## Task objective
From the first line of the entries down to the line with "常規(guī)中頻電源是由A", write out every line exactly; that last line counts, but pictures do not.

## Source data
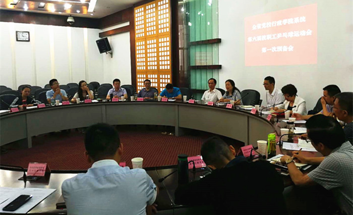 6月15日上午,由中共四川省委党校四川行政学院主办、中共资阳市委党校资阳行政学院承办的全省党校行政学院系统第六届教职工乒乓球运动会第一次预备会,在校院蜀光大厦一楼圆桌会议室召开。校院务委员、机关党委书记唐峭雪出席会议并讲话。各市州党校行政学院(大型企业党校)常务副校院长及领队出席会议,机关党委专职副书记魏波主持。
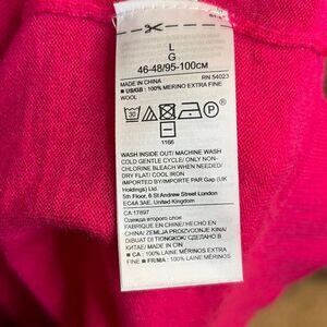This sweater is made by Banana Republic. It’s a bight pink v-neck made of 100% merino wool. Size large and in wonderful pre owned condition. Smoke and pet free home.
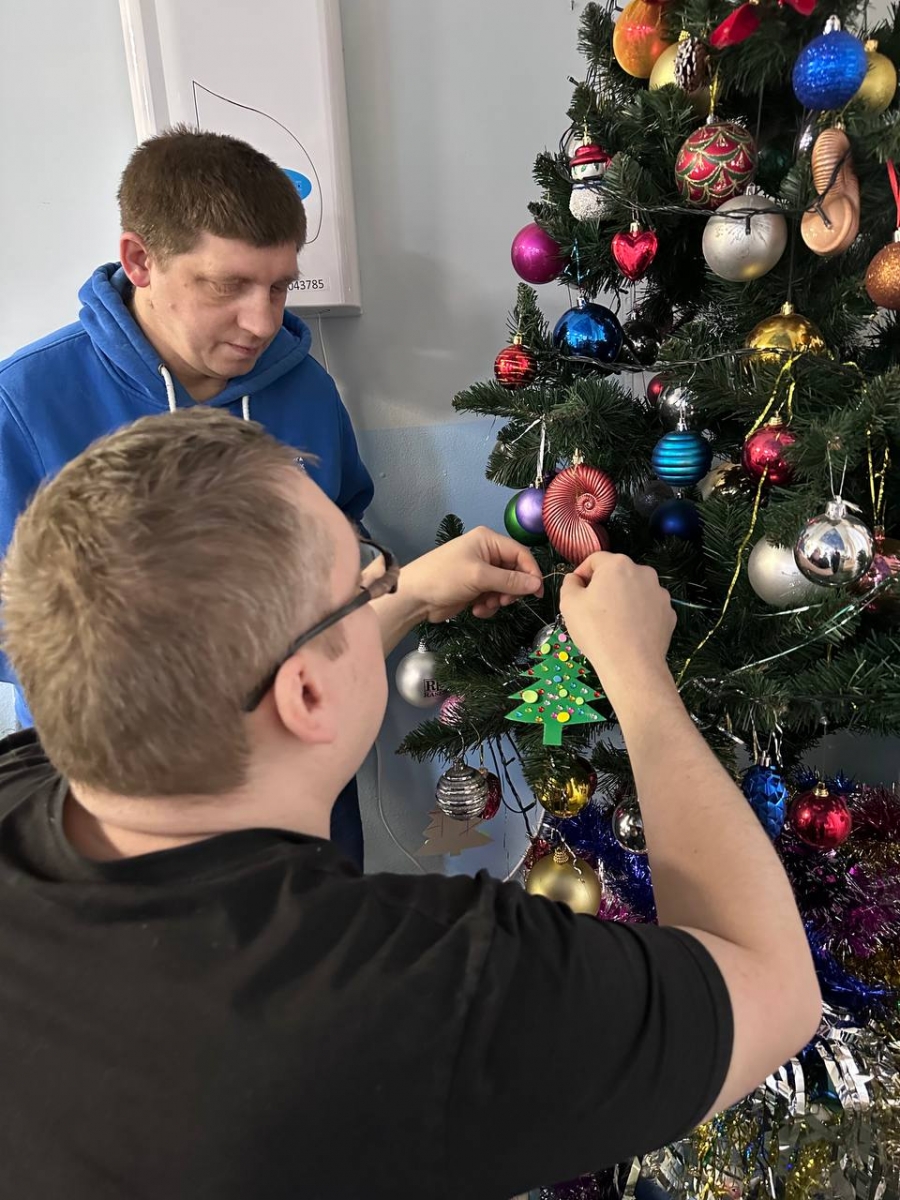Участникам было предложено своими руками изготовить ёлочные игрушки из доступных материалов: цветного картона, бумаги, клея и декоративных блёсток. Под чутким руководством сотрудников наши жители с энтузиазмом вырезали, клеили и украшали, создавая яркие и индивидуальные украшения для общей новогодней ёлки.
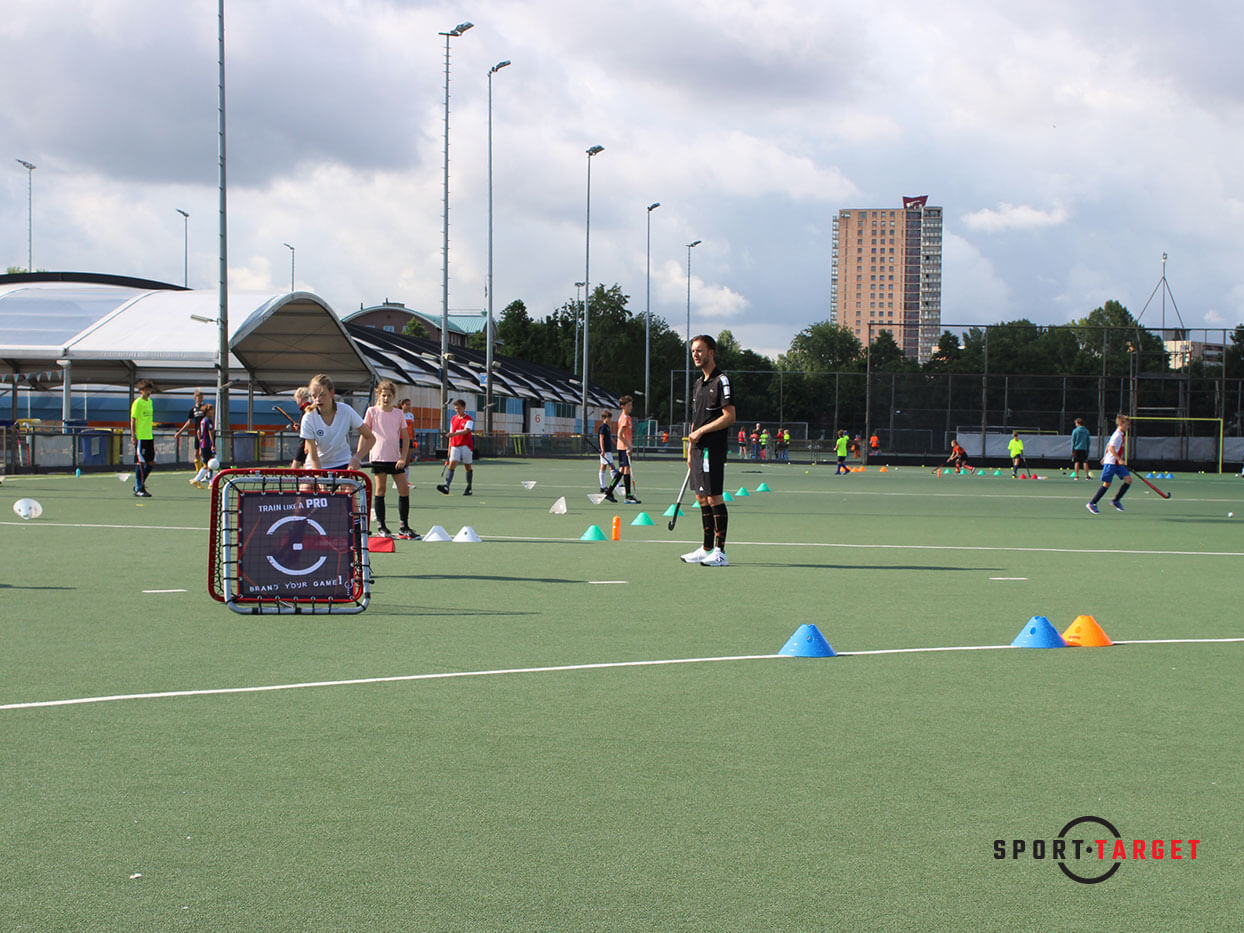 De Hockey rebounder van Sporttarget pronkt met het eigen ontwerp als een unieke promotie op het veld waar u aan het trainen bent! De perfecte sportmarketing tool.
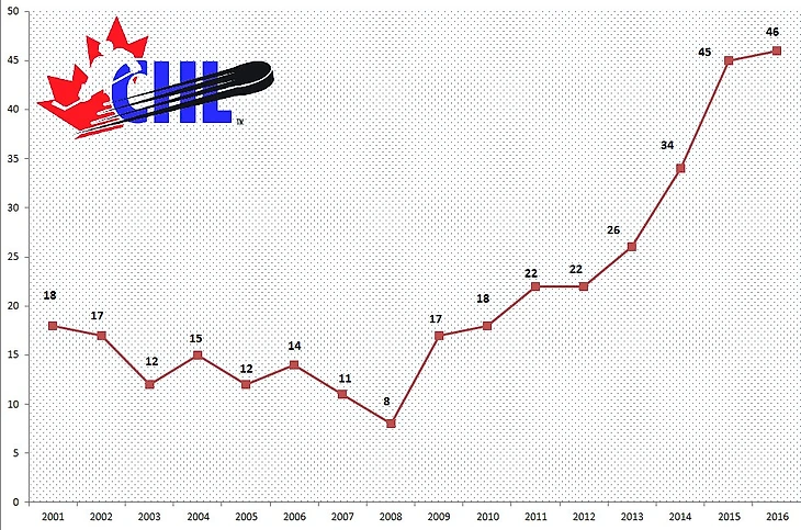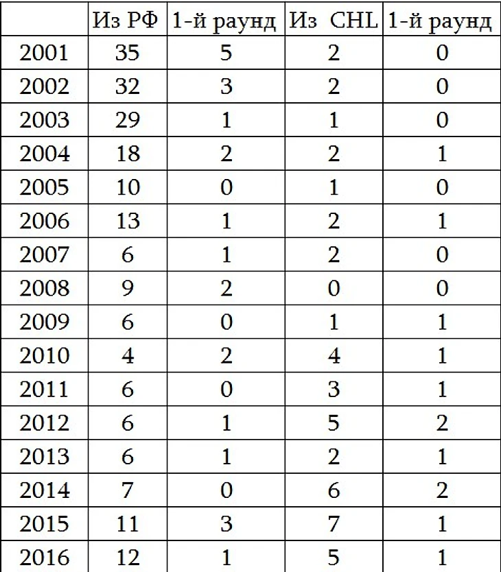 За четыре года количество эмигрантов выросло почти в два раза, достигнув рекордной отметки в 46 человек – и это не считая тех, кто отправляется в более низшие канадские лиги (игроки оттуда иногда тоже попадают на драфт, как, например, выбранный «Вашингтоном» Дмитрий Зайцев из NAHL).
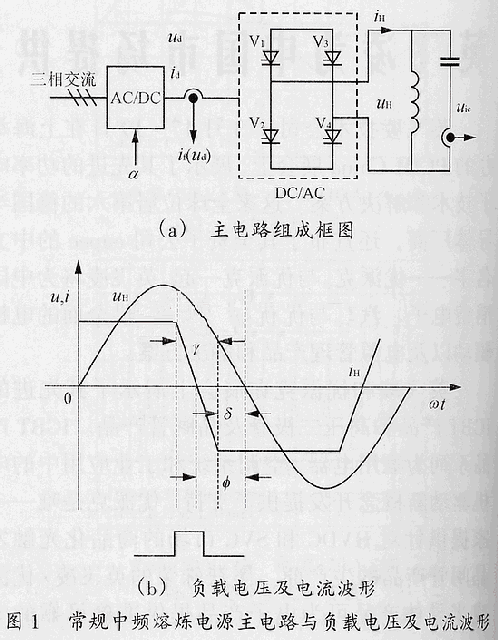 常規(guī)中頻電源是由AC/DC可控整流器與單相DC/AC電流型并聯(lián)諧振逆變器組成的,它在感應(yīng)加熱熔煉過程中的正常工作如圖1所示,是以負(fù)載電路中的電流iH超前其電壓uH為前提條件的。逆變電路中晶閘管的超前觸發(fā)時(shí)間應(yīng)大于晶閘管關(guān)斷時(shí)間,即
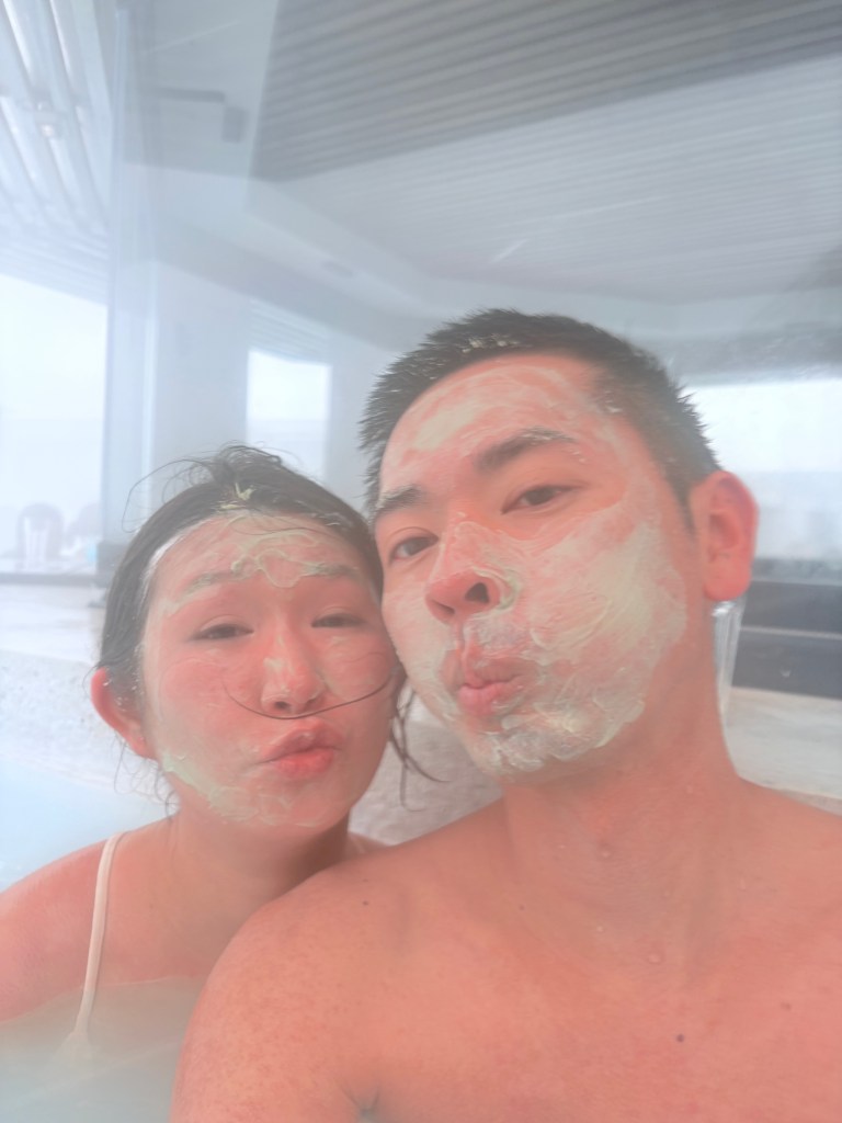 情侶、家庭、亦或三五好友,各自找到舒適的角落,塗抹厚厚一層火山泥面膜、嬉戲、聊天、拍一百張網美照上傳打卡,娛樂性質滿分。
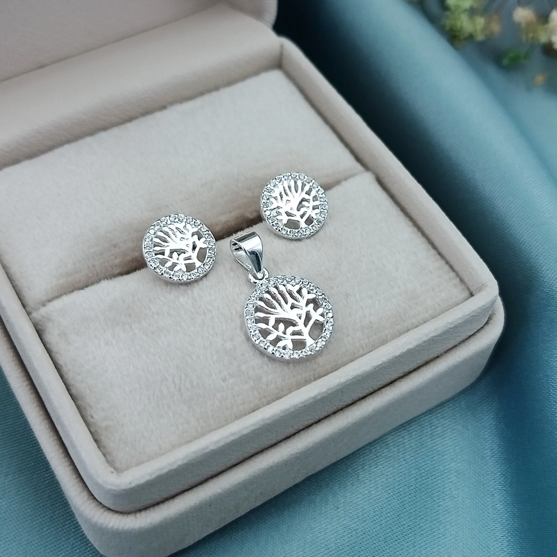 Conjunto de aretes y dije , plata 925. Motivo Árbol de la Vida, su significado general está relacionado con la conexión, sabiduría, y energía vital.
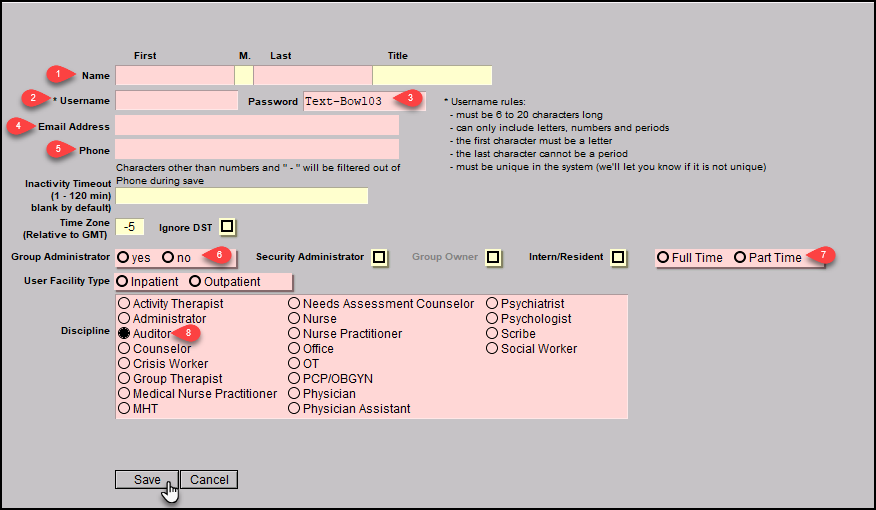 Security administrators can create an auditor login for their account. The following steps demonstrate how to do this. A Security Administrator can create the user and there is a minimal charge for a month. When no longer needed, the Security Administrator should disable the account. Please note: accounts set to the Auditor discipline will not have access to the full Chart Face. When accessing a patient chart the auditor will be directed to the Documents tab.
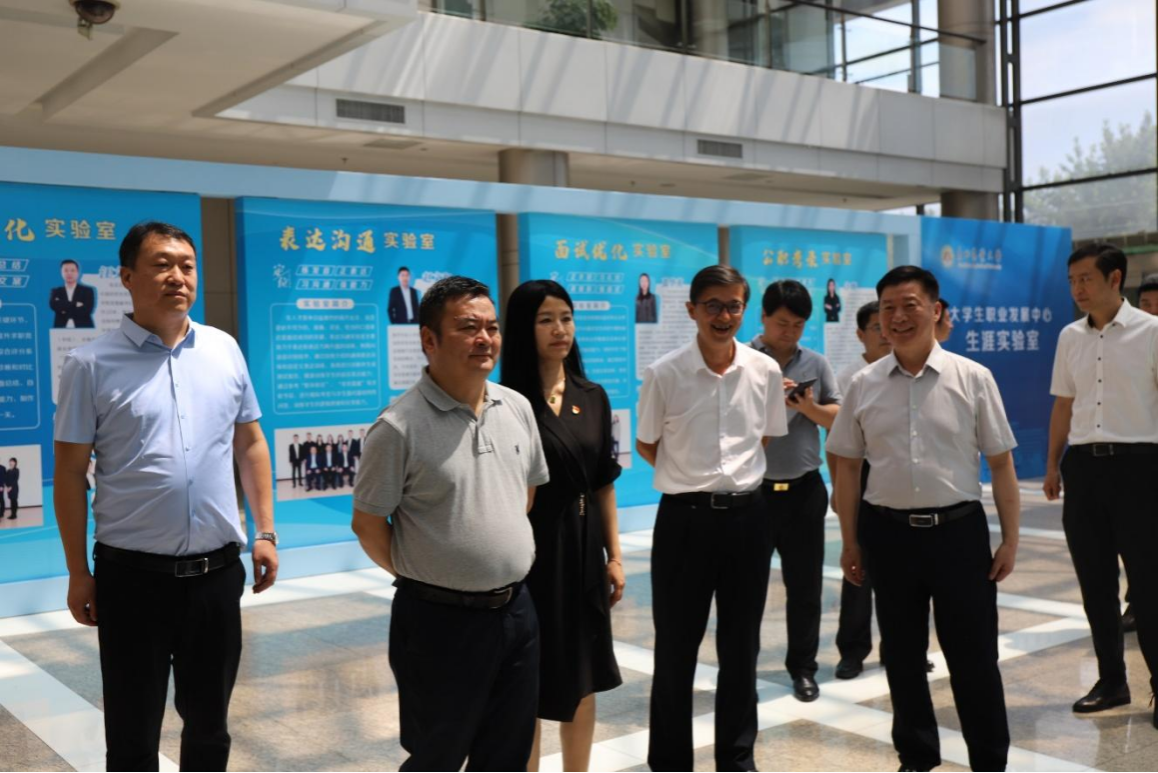 座谈会结束后,方伟参观了我校大学生职业发展中心八个生涯实验室。中心由我校自主研发和建设,设有职业测评、职业认知、团队建设、群体选拔、表达沟通、简历优化、面试优化、公职考录八个生涯实验室,通过全程化、沉浸式的实践、体验、互动等方式,强化学生对生涯的思考、规划与行动,不断提高学生生涯适应力和就业综合竞争力。目前,大学生职业发展中心实训课程和体验活动已向全校学子开放。方伟一行对中心的设计理念、教学活动安排、实践训练环节等方面给予了充分肯定。
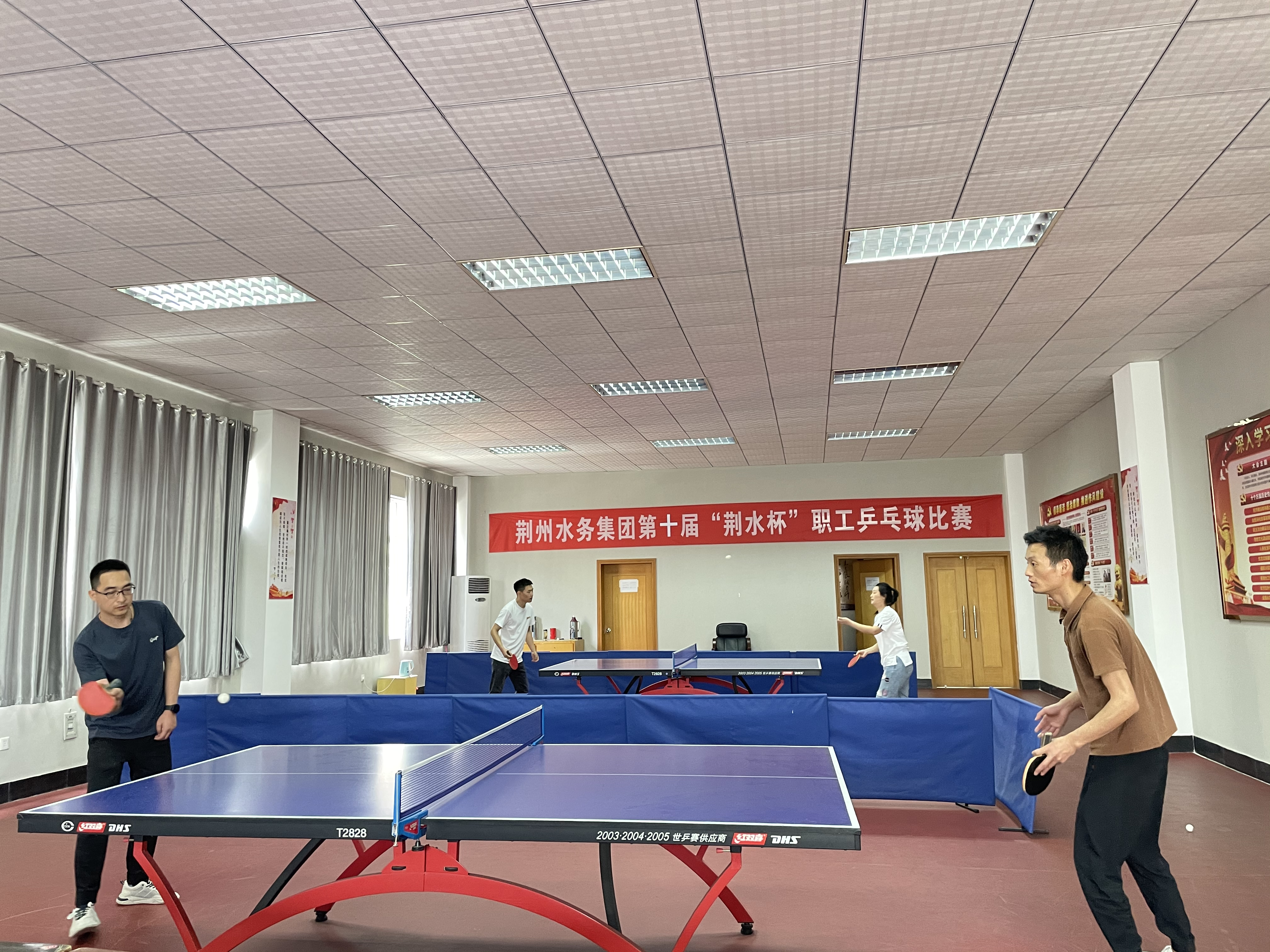 “好球”“這個球漂亮”“哈哈哈哈”……集團活動中心傳來一陣陣喝彩聲和笑聲。原來是荊州水務心泉公司同事們利用中午休息時間在集團活動中心進行乒乓球切磋。

## Exercise result
 6月15日上午,由中共四川省委党校四川行政学院主办、中共资阳市委党校资阳行政学院承办的全省党校行政学院系统第六届教职工乒乓球运动会第一次预备会,在校院蜀光大厦一楼圆桌会议室召开。校院务委员、机关党委书记唐峭雪出席会议并讲话。各市州党校行政学院(大型企业党校)常务副校院长及领队出席会议,机关党委专职副书记魏波主持。
This sweater is made by Banana Republic. It’s a bight pink v-neck made of 100% merino wool. Size large and in wonderful pre owned condition. Smoke and pet free home.
Участникам было предложено своими руками изготовить ёлочные игрушки из доступных материалов: цветного картона, бумаги, клея и декоративных блёсток. Под чутким руководством сотрудников наши жители с энтузиазмом вырезали, клеили и украшали, создавая яркие и индивидуальные украшения для общей новогодней ёлки.
 De Hockey rebounder van Sporttarget pronkt met het eigen ontwerp als een unieke promotie op het veld waar u aan het trainen bent! De perfecte sportmarketing tool.
 За четыре года количество эмигрантов выросло почти в два раза, достигнув рекордной отметки в 46 человек – и это не считая тех, кто отправляется в более низшие канадские лиги (игроки оттуда иногда тоже попадают на драфт, как, например, выбранный «Вашингтоном» Дмитрий Зайцев из NAHL).
 常規(guī)中頻電源是由AC/DC可控整流器與單相DC/AC電流型并聯(lián)諧振逆變器組成的,它在感應(yīng)加熱熔煉過程中的正常工作如圖1所示,是以負(fù)載電路中的電流iH超前其電壓uH為前提條件的。逆變電路中晶閘管的超前觸發(fā)時(shí)間應(yīng)大于晶閘管關(guān)斷時(shí)間,即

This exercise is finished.